Still, it's Sonoma. A driver like Hans Stuck can say "never lift" because he's full of talent. I'm full of something that requires a Depends, so I lift a little. The RS 5 refuses to snap, and just curls back into that default understeer. Rolling into the throttle prods it out of yawn mode, and I have to give it credit--it never gets impatient, waiting for me to get how much is still left in its portfolio.

It digs in, and so do I. I let it lighten up over the second blind turn, and tuck it in for the double-apex downhill ahead with a little throttle before I unwind it and let it flatten out for a big, long, fast straight. We boomerang out of Turn Six and I hang on late for the next set of esses, before a final surge into fourth and a final brush on the brakes, before glancing by the final curb and cooling down the rest of the way into the pits.

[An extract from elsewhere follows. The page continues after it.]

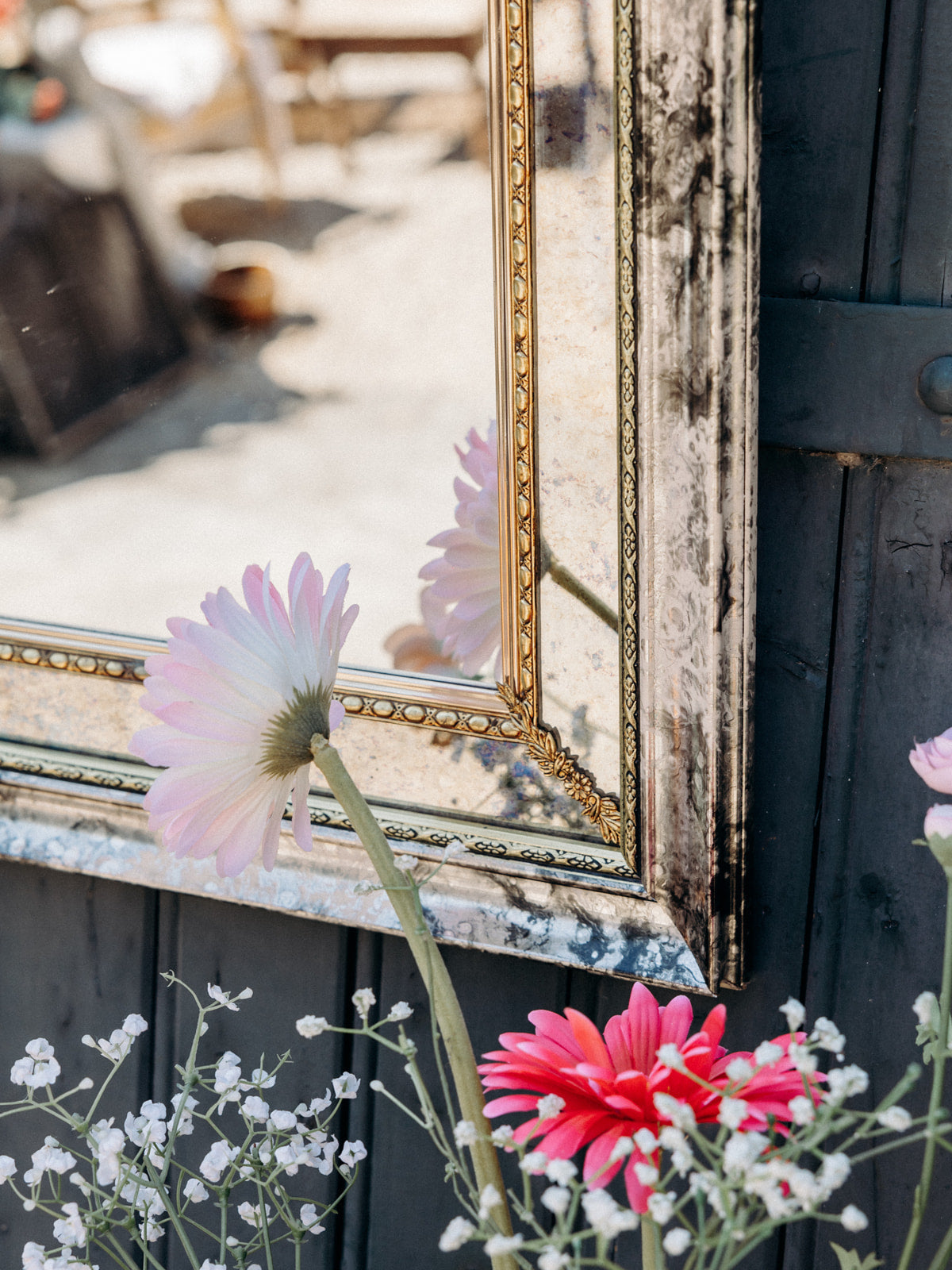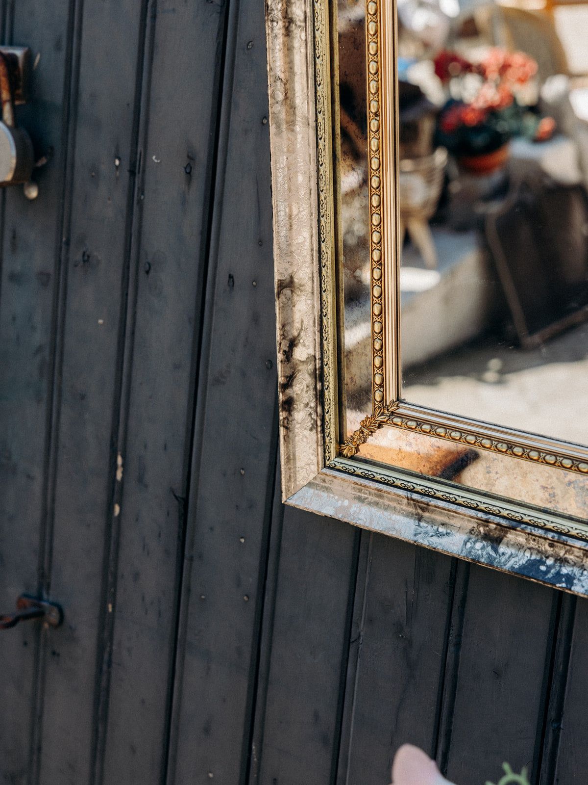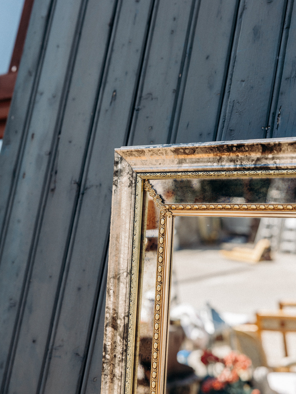 This elegant mirror features a beautiful plastic frame with a superb marble effect, enhanced with delicate gold details that add a touch of chic to your interior. Its wooden back ensures appreciable solidity, while giving it an authentic charm. A few signs of age add character to this decorative object, making it unique. Ideal for enhancing your decor, this mirror will reflect your style!

For a minute, I bother to play with the luxotouches we've diddled with in our full review of the 2013 Audi A4 over on TheCarConnection. The RS 5 has a sport interior with firmer seats and a flat-bottomed steering wheel; a choice of Nappa and Alcantara trim; aluminum, stainless-steel, piano-black or carbon trim; aluminum pedals; a lap timer; and RS badging. Other major options include blind-spot monitors, active cruise control, and a Bang & Olufsen audio system.

We'd pay for that sound, as well as Audi's MMI and navigation system, which ties in with Audi Connect 3G wireless service and Google Earth and Street View mapping for what's indisputably the most beautiful and effective nav system on offer today. The maps show me from an overhead view, sidling into the pits from an ESPN angle that may as well be called the HeroCam. And since we're just a few dozen miles from Silicon Valley, the maps themselves are just a few weeks old--new construction nearby already shows on the screen.

Audi promises they won't do an RS edition of every model, and given the age of the current A4/A5 lineup, this could be the new plus ultra of this generation. It feels every ounce of it, bracingly fast and unflappable.